Tom's Blog

Saturday, March 23, 2019

Protecting trees in a bur oak savanna burn






 The south-facing slope at Pleasant Valley Conservancy is a good example of a bluffprairie. Such bluff prairies are common in the Driftless Area. However, although most of these sites are called “prairie”, most of them are actually bur oak savannas.

In a well-restored site, fire is the principal management tool, but there are significant difficulties when trees are present. Because of the steep topography (slopes up to 75 degrees), even in the absence of wind, head-fire flame heights can be 15-20 feet (occasionally even higher).

The bur oak trunk is very fire resistant, but its branches are less so and with high flame heights can be easily damaged.
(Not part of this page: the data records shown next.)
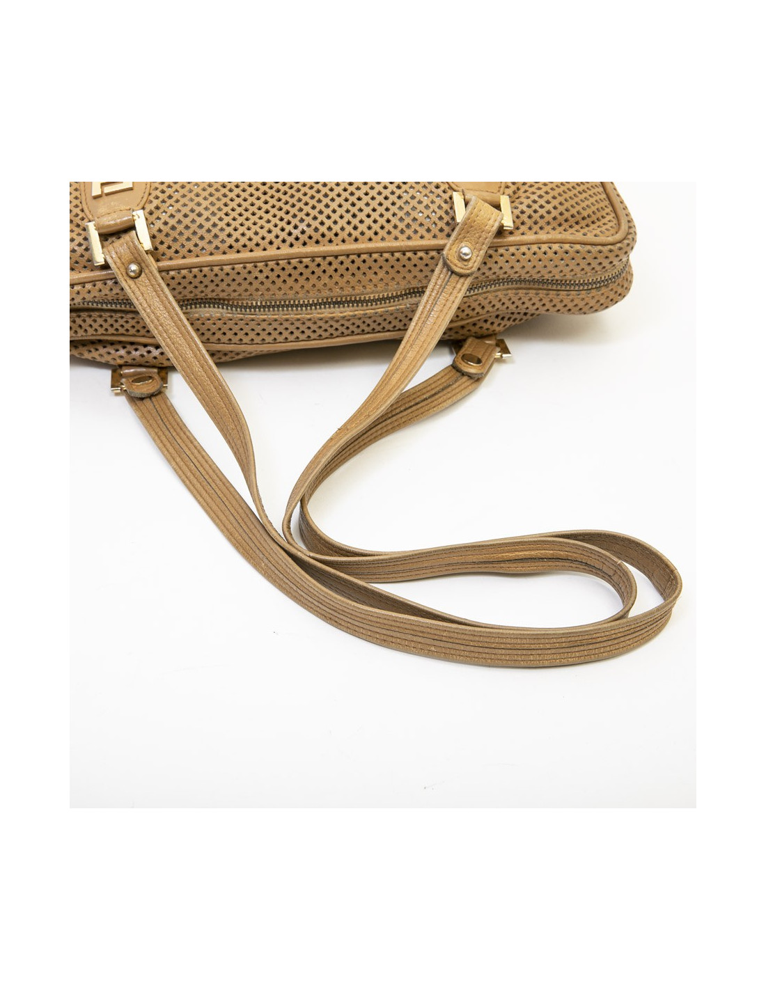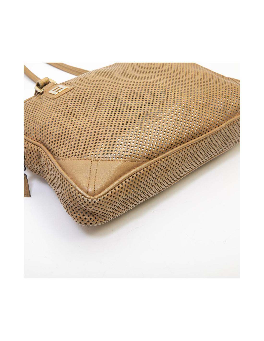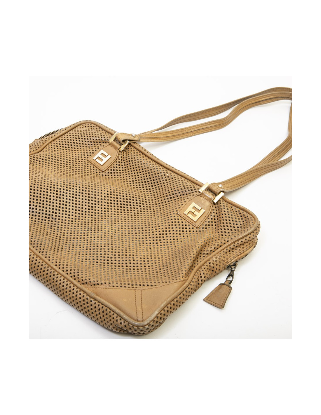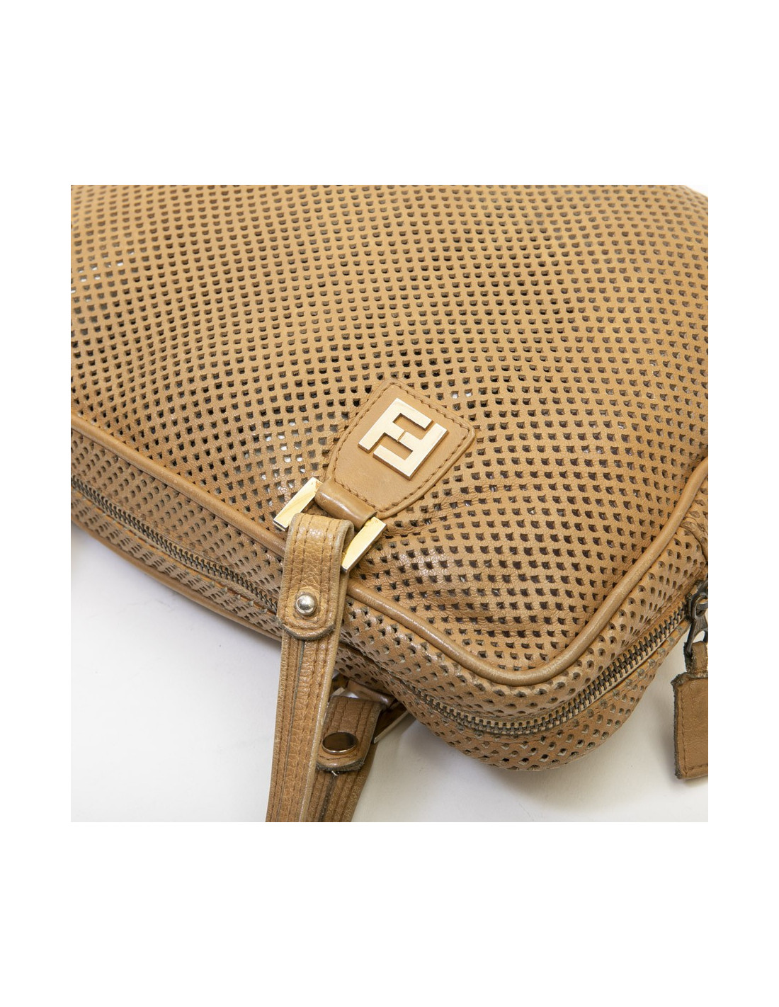 Sac vintage Fendi en cuir perforé beige. Bijouterie dorée. Fermeture zippée.
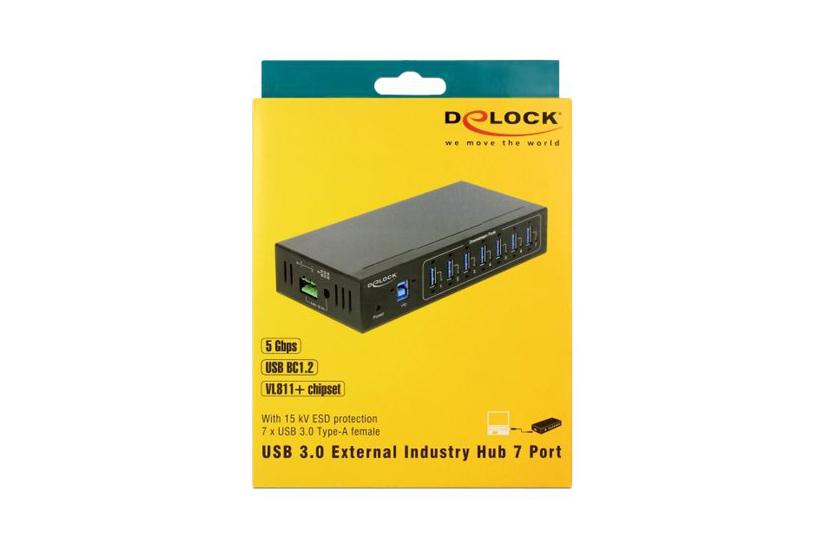 DeLOCK External Industry Hub 7 x USB 3.0 Type-A 15 kV ESD Protection - Sort
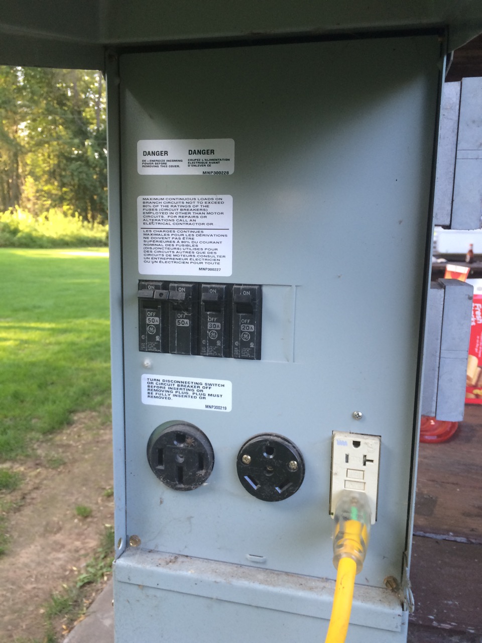 Near the south end of the park was a pavillion that could be reserved and rented. An extended group of family and friends had it boxed in with four giant RVs, radios blaring rock and roll music, bubba-kegs of beer in hand. I checked the electrical there and saw it included 240V power. I snapped a few still images and uploaded them to Plugshare.

Thus, despite the recognized fire tolerance of the bur oak, even large trees can become seriously harmed.

When we first started burning the South Slope at PVC, the fuel was very spotty and fire did not carry well, so we mostly burned as a head-fire. Annual burns, accompanied by brush control and overseeding, gradually turned the South Slope into a tallgrass savanna. It was about burn year 5 that fire with high flame heights carried up into the bur oaks. Lots of branches caught on fire, and mop-up was a major problem.

Since then we have tried to back burn the South Slope, especially its bur oak component. A few years later we added tree-centered spotfiring as an additional protection, especially for the smaller trees.
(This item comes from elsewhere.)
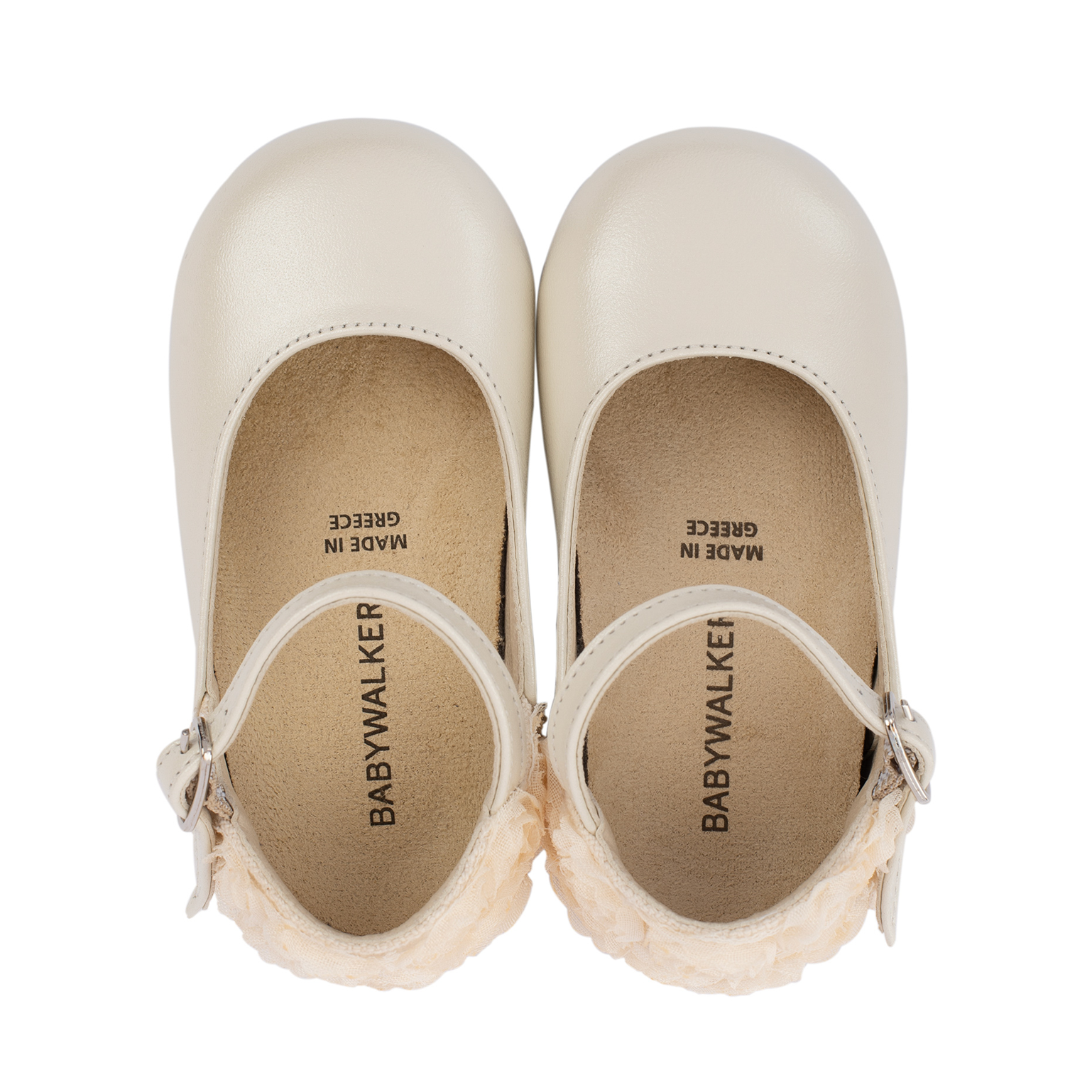 Γαλλικό Γοβάκι με Φτέρνα από Chiffon Λουλούδια από Δέρμα Πέρλα σε Εκρού χρώμα Babywalker

The photos below show how we did the South Slope burn this year.

Starting the burn at the top of the South Slope. Depending on fire behavior, a second drip torch may be used to speed up the process.

Far end of the ridge. Backburning around ancient bur oaks

Above: Tree-centered spot firing small bur oaks. The blackened area protects the saplings from a  possible head fire.




Above. Later stage. The blackened areas have grown larger.



Above. Later stage. The black areas have coalesced and the continuous fire line is backing through the tallgrass prairie.




Once the bur oaks are completely in the black, the burn can be speeded  up by lighting a head-fire from the bottom.



The bur oaks are now "safe" in the black. The lower area is darker because it was burned as a head-fire.
The burn was done on March 21, 2019. Amanda was the burn boss.






















1 Comments:

Blogger Jake Lloyd said...

What would have been the natural/historic management of a prairie/savanna such as the south slope where steep topography would have created extremely intense grass fires? Is it fair to say that there wouldn't have been any trees on the slope? Or are you just being extra cautious about preserving the old bur oaks?